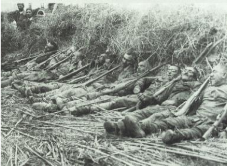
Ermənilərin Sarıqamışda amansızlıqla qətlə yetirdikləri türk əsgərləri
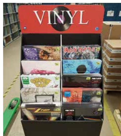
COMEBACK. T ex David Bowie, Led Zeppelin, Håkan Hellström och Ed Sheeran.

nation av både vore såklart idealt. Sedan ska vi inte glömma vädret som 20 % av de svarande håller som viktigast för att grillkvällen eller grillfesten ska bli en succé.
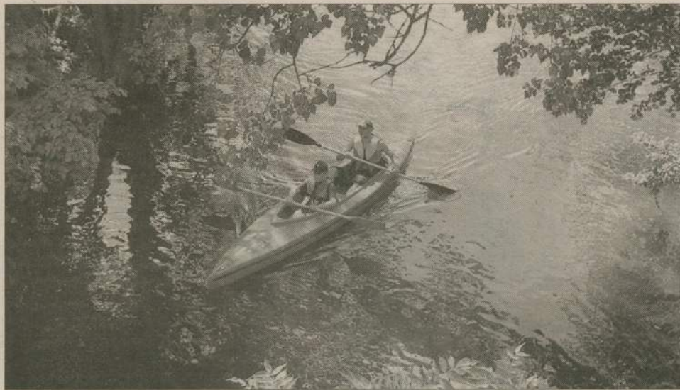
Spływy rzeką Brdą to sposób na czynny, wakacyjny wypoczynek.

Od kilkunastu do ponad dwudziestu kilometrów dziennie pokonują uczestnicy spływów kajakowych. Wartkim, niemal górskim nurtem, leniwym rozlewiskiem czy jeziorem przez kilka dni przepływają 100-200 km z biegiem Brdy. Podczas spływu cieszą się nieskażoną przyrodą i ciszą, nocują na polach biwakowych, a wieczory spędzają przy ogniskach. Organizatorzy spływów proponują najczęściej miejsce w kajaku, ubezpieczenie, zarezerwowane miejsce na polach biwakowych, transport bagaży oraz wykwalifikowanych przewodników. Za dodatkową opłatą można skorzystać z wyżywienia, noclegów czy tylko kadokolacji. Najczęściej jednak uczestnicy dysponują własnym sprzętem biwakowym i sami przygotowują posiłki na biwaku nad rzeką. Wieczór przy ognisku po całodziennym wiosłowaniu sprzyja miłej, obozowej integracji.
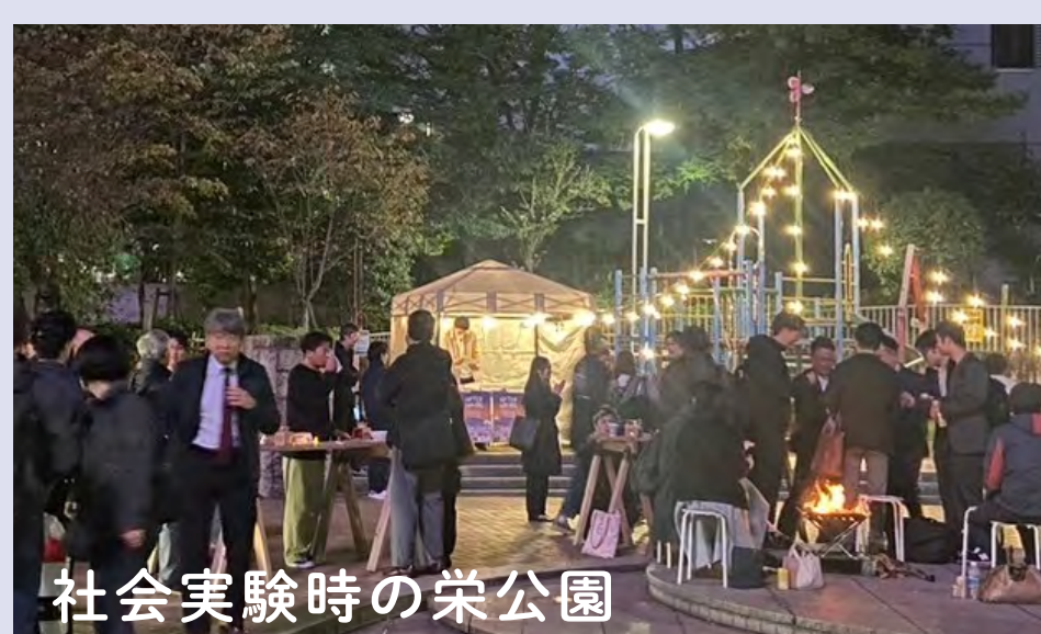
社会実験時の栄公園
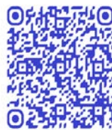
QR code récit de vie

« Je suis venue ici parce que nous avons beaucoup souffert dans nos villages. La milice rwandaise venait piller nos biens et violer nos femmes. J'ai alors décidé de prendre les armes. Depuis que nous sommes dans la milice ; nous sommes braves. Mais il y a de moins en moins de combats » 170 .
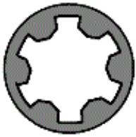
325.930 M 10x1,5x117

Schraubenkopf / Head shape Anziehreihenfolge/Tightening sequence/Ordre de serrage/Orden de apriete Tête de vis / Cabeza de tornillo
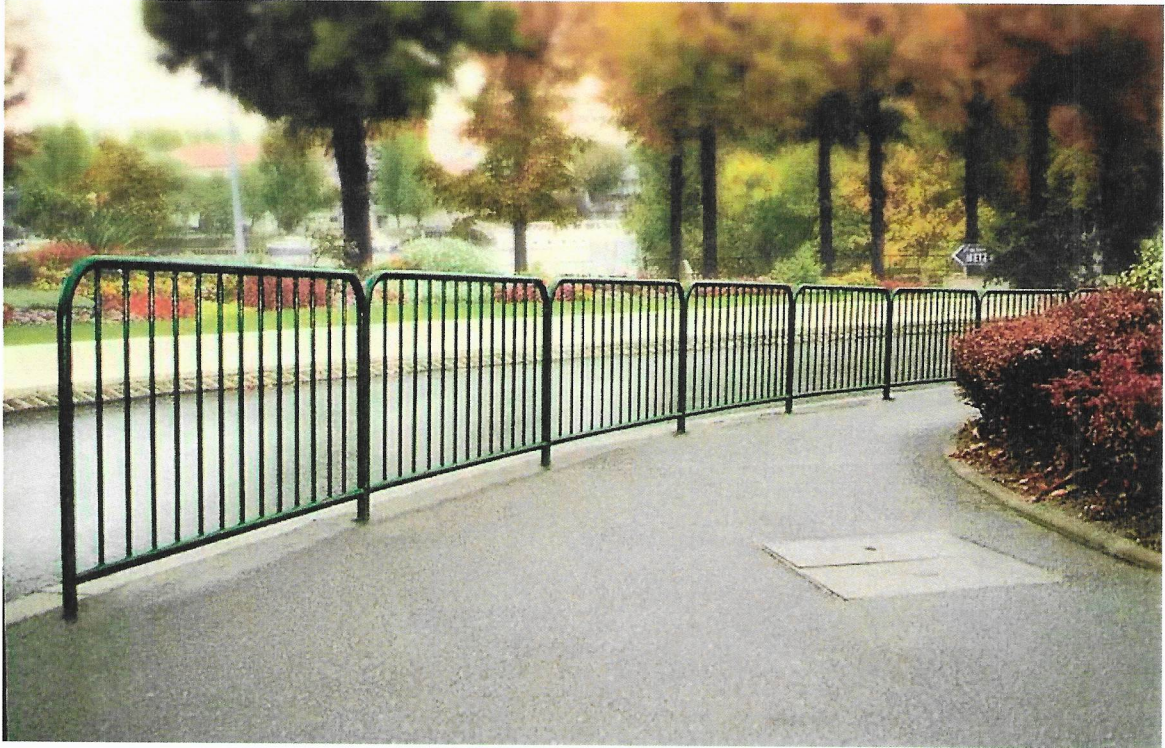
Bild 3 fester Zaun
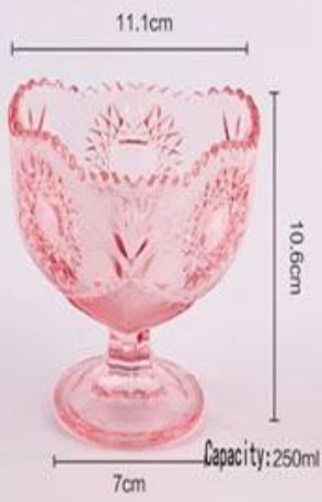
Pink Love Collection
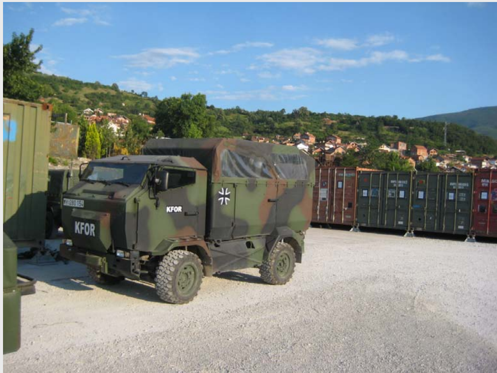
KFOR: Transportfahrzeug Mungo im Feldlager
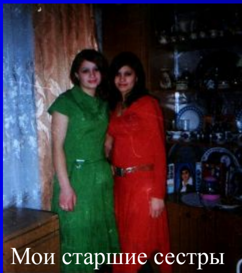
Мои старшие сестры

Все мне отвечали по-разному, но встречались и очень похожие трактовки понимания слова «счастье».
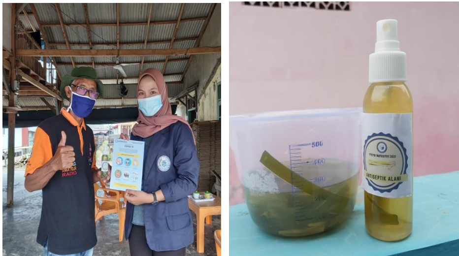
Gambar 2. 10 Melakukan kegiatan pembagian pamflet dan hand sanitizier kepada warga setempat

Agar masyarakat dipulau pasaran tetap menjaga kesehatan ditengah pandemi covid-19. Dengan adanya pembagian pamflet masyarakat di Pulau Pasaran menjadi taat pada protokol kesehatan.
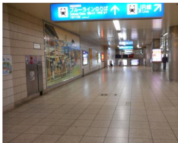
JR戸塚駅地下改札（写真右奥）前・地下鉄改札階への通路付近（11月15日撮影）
■ ■ ■ ■ ■ ■ ■
> **Exercise requirements**:
In your copy of the entries above, leave out the pictures and keep every word exact.

> **Solution below**:
Ermənilərin Sarıqamışda amansızlıqla qətlə yetirdikləri türk əsgərləri
COMEBACK. T ex David Bowie, Led Zeppelin, Håkan Hellström och Ed Sheeran.

nation av både vore såklart idealt. Sedan ska vi inte glömma vädret som 20 % av de svarande håller som viktigast för att grillkvällen eller grillfesten ska bli en succé.
Spływy rzeką Brdą to sposób na czynny, wakacyjny wypoczynek.

Od kilkunastu do ponad dwudziestu kilometrów dziennie pokonują uczestnicy spływów kajakowych. Wartkim, niemal górskim nurtem, leniwym rozlewiskiem czy jeziorem przez kilka dni przepływają 100-200 km z biegiem Brdy. Podczas spływu cieszą się nieskażoną przyrodą i ciszą, nocują na polach biwakowych, a wieczory spędzają przy ogniskach. Organizatorzy spływów proponują najczęściej miejsce w kajaku, ubezpieczenie, zarezerwowane miejsce na polach biwakowych, transport bagaży oraz wykwalifikowanych przewodników. Za dodatkową opłatą można skorzystać z wyżywienia, noclegów czy tylko kadokolacji. Najczęściej jednak uczestnicy dysponują własnym sprzętem biwakowym i sami przygotowują posiłki na biwaku nad rzeką. Wieczór przy ognisku po całodziennym wiosłowaniu sprzyja miłej, obozowej integracji.
社会実験時の栄公園
QR code récit de vie

« Je suis venue ici parce que nous avons beaucoup souffert dans nos villages. La milice rwandaise venait piller nos biens et violer nos femmes. J'ai alors décidé de prendre les armes. Depuis que nous sommes dans la milice ; nous sommes braves. Mais il y a de moins en moins de combats » 170 .
325.930 M 10x1,5x117

Schraubenkopf / Head shape Anziehreihenfolge/Tightening sequence/Ordre de serrage/Orden de apriete Tête de vis / Cabeza de tornillo
Bild 3 fester Zaun
Pink Love Collection
KFOR: Transportfahrzeug Mungo im Feldlager
Мои старшие сестры

Все мне отвечали по-разному, но встречались и очень похожие трактовки понимания слова «счастье».
Gambar 2. 10 Melakukan kegiatan pembagian pamflet dan hand sanitizier kepada warga setempat

Agar masyarakat dipulau pasaran tetap menjaga kesehatan ditengah pandemi covid-19. Dengan adanya pembagian pamflet masyarakat di Pulau Pasaran menjadi taat pada protokol kesehatan.
JR戸塚駅地下改札（写真右奥）前・地下鉄改札階への通路付近（11月15日撮影）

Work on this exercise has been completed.